### DATA EXTRACTS
++++++++

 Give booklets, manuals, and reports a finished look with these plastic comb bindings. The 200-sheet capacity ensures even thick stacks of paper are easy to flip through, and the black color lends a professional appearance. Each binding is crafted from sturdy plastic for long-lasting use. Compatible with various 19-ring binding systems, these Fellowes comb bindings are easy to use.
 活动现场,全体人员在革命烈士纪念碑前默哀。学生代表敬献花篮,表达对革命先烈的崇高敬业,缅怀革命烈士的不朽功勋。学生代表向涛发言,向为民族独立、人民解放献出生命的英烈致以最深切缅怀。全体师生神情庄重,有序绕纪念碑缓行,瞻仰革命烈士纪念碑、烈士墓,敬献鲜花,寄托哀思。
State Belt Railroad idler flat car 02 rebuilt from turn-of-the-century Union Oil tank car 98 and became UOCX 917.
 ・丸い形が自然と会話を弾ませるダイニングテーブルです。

++++++++

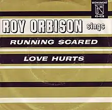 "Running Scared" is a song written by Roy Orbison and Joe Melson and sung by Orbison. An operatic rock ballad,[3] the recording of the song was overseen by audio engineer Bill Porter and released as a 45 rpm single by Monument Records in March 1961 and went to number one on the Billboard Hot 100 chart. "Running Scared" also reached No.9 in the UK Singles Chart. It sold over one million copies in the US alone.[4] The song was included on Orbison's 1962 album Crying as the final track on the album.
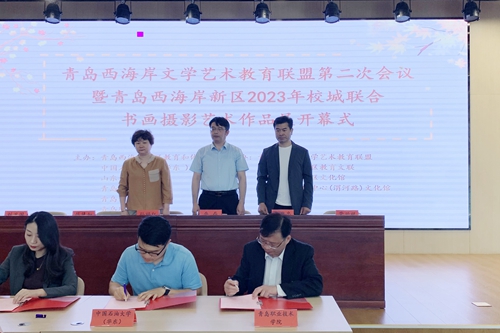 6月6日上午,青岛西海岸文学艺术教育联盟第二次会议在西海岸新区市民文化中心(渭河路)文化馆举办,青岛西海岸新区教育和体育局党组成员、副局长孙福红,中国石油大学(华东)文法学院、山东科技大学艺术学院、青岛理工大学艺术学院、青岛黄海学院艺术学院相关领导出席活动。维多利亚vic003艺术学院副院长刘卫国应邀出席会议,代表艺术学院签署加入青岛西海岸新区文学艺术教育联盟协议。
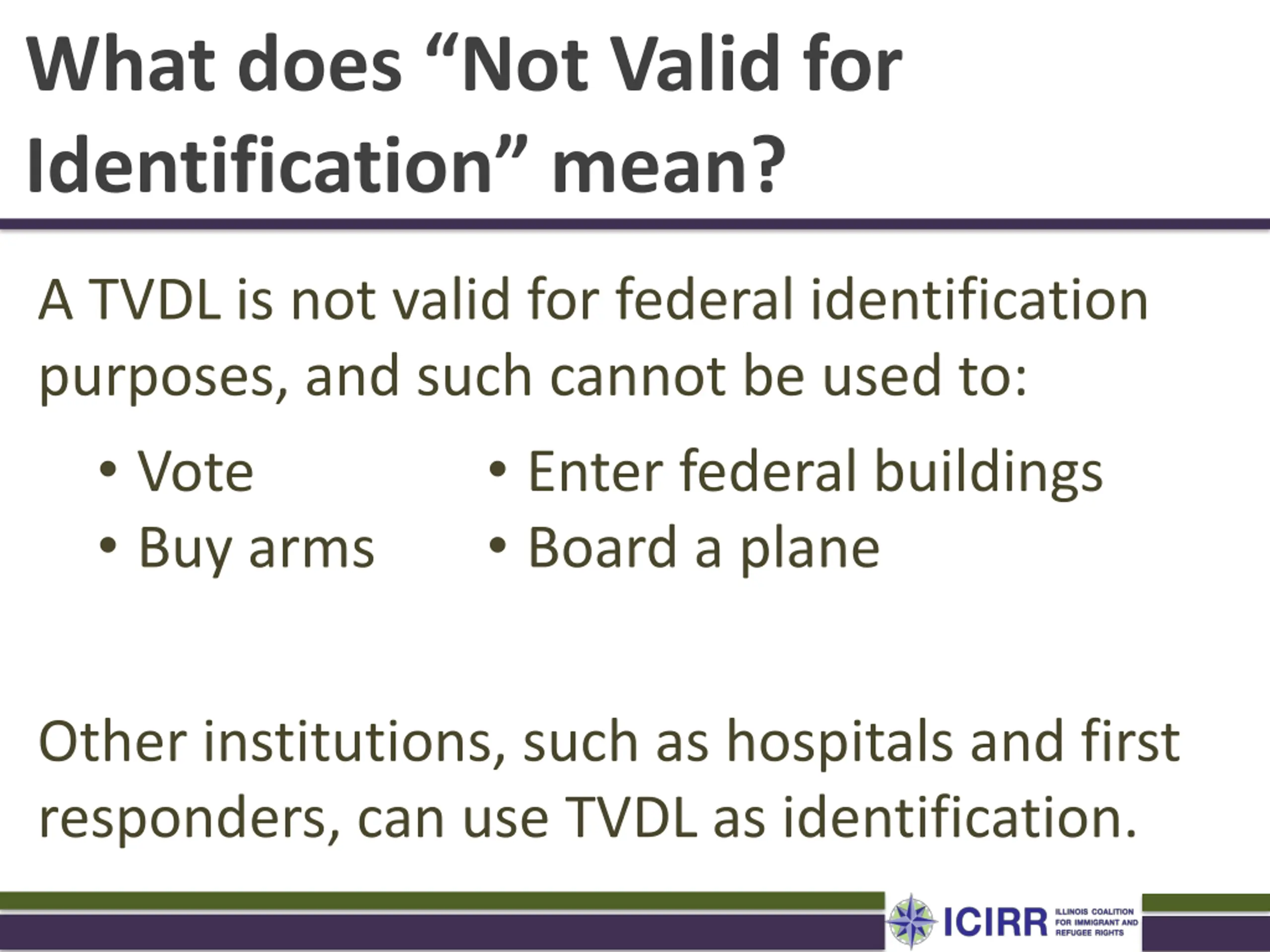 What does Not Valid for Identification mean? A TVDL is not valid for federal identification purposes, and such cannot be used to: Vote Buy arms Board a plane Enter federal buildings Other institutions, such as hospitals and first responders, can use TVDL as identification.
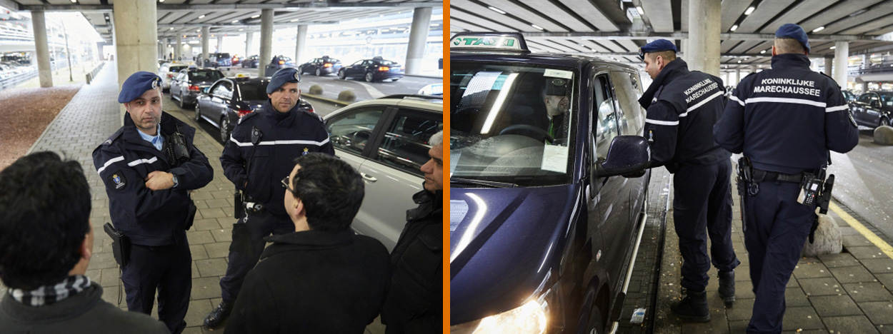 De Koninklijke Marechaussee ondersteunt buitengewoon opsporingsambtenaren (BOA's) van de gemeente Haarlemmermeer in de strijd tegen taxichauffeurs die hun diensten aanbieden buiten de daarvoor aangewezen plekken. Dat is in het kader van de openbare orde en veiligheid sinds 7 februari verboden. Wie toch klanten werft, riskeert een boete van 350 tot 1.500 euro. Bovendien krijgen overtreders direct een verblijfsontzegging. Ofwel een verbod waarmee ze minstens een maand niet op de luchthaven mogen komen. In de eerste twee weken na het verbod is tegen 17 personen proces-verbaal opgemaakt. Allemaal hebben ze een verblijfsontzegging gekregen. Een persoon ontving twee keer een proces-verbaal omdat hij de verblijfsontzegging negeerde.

++++++++

### THE PROBLEM
Wherever the word "from" appears in a line of the records, count that line. Say how many there are, with no other words.

### SOLUTION FOR THIS TASK
2